Non Linear Current Response of a Many-Level Tunneling System: Higher Harmonics Generation

TL;DR

This paper investigates the nonlinear current response of a many-level tunneling system under high-frequency fields, revealing sharp harmonic generation due to multi-photon processes, with potential experimental implications.

Contribution

It provides an exact calculation of the nonlinear tunneling current and demonstrates frequency multiplication effects in a many-level system using nonequilibrium Green functions.

Findings

Fourier components of current peak at specific harmonics

Frequency multiplication arises from multi-photon absorption/emission

Potential for experimental observation of nonlinear harmonic generation

Abstract

The fully nonlinear response of a many-level tunneling system to a strong alternating field of high frequency $\omega$ is studied in terms of the Schwinger-Keldysh nonequilibrium Green functions.
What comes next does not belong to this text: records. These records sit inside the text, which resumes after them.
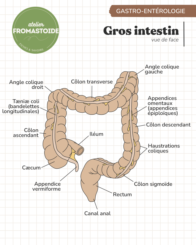 Le gros intestin, aussi appelé côlon, est la dernière partie du tube digestif.
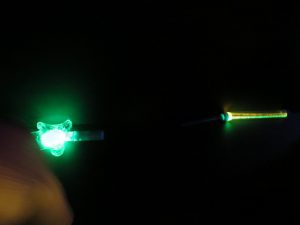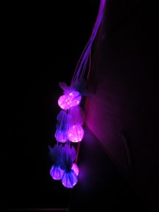 ひだまり教室(プレ幼稚部)にお邪魔したら、この日来ていたお友だちが、素敵な小部屋に誘ってくれました。 写真1 青紫に光る玉が10こくらい同じ色に光る線にぶら下がっています。 真っ暗な部屋の隅っこに天井から下げられていました。光だけが見えてとてもきれいです。写真2 緑色と黄緑色に光る星のようなものと横長の棒があります。 真っ暗な部屋の反対側の下のほうにおいてあって、やはり光だけがみえてとてもきれいです。
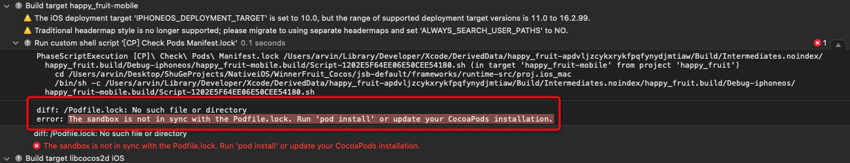 使用 Cocos Creator 生成iOS工程,集成 CocoPods 第三方库编译失败,报错如图,怎么更新 Cocopods 都没用呀,跪求大佬们解答
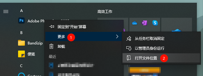 1、开始菜单,PhotoShop右键-更多-打开文件位置
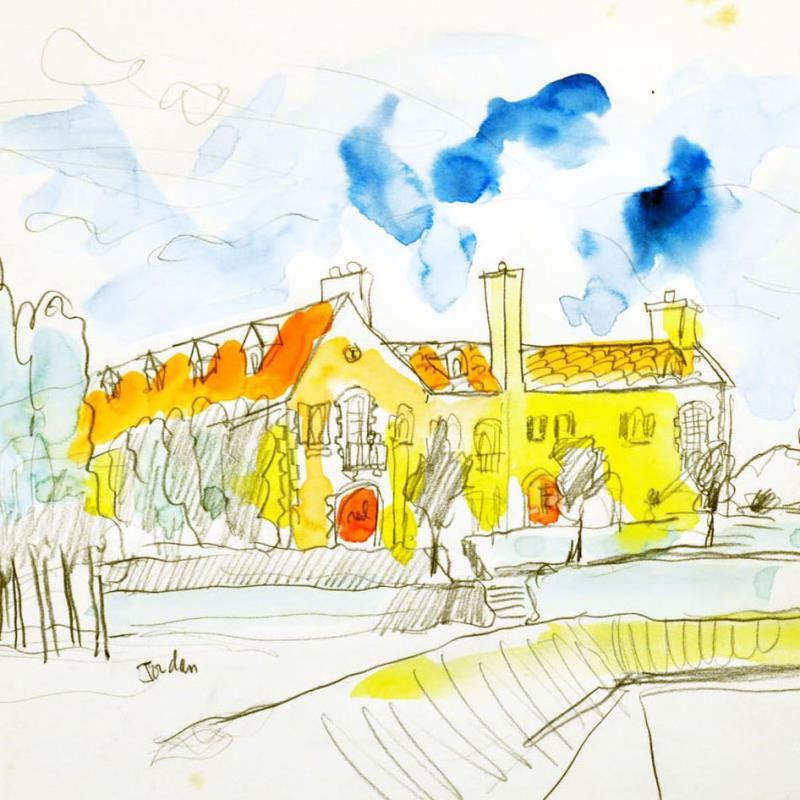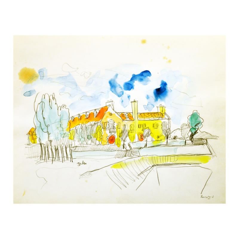 Jordan Vineyard, Napa Valley By Ensrud Original. "Jordan Vineyard, Napa Valley" is an original Mixed Media on Paper by Wayne Ensrud. The piece is hand signed by the artist and comes with a Certificate of Authenticity. Measures approximately 14" x 17".

The nonlinear time dependent tunneling current $I(t)$ is calculated exactly and its resonance structure is elucidated. In particular, it is shown that under certain reasonable conditions on the physical parameters, the Fourier component $I_{n}$ is sharply peaked at $n=\frac {\Delta E} {\hbar \omega}$, where $\Delta E$ is the spacing between two levels. This frequency multiplication results from the highly nonlinear process of $n$ photon absorption (or emission) by the tunneling system. It is also conjectured that this effect (which so far is studied mainly in the context of nonlinear optics) might be experimentally feasible.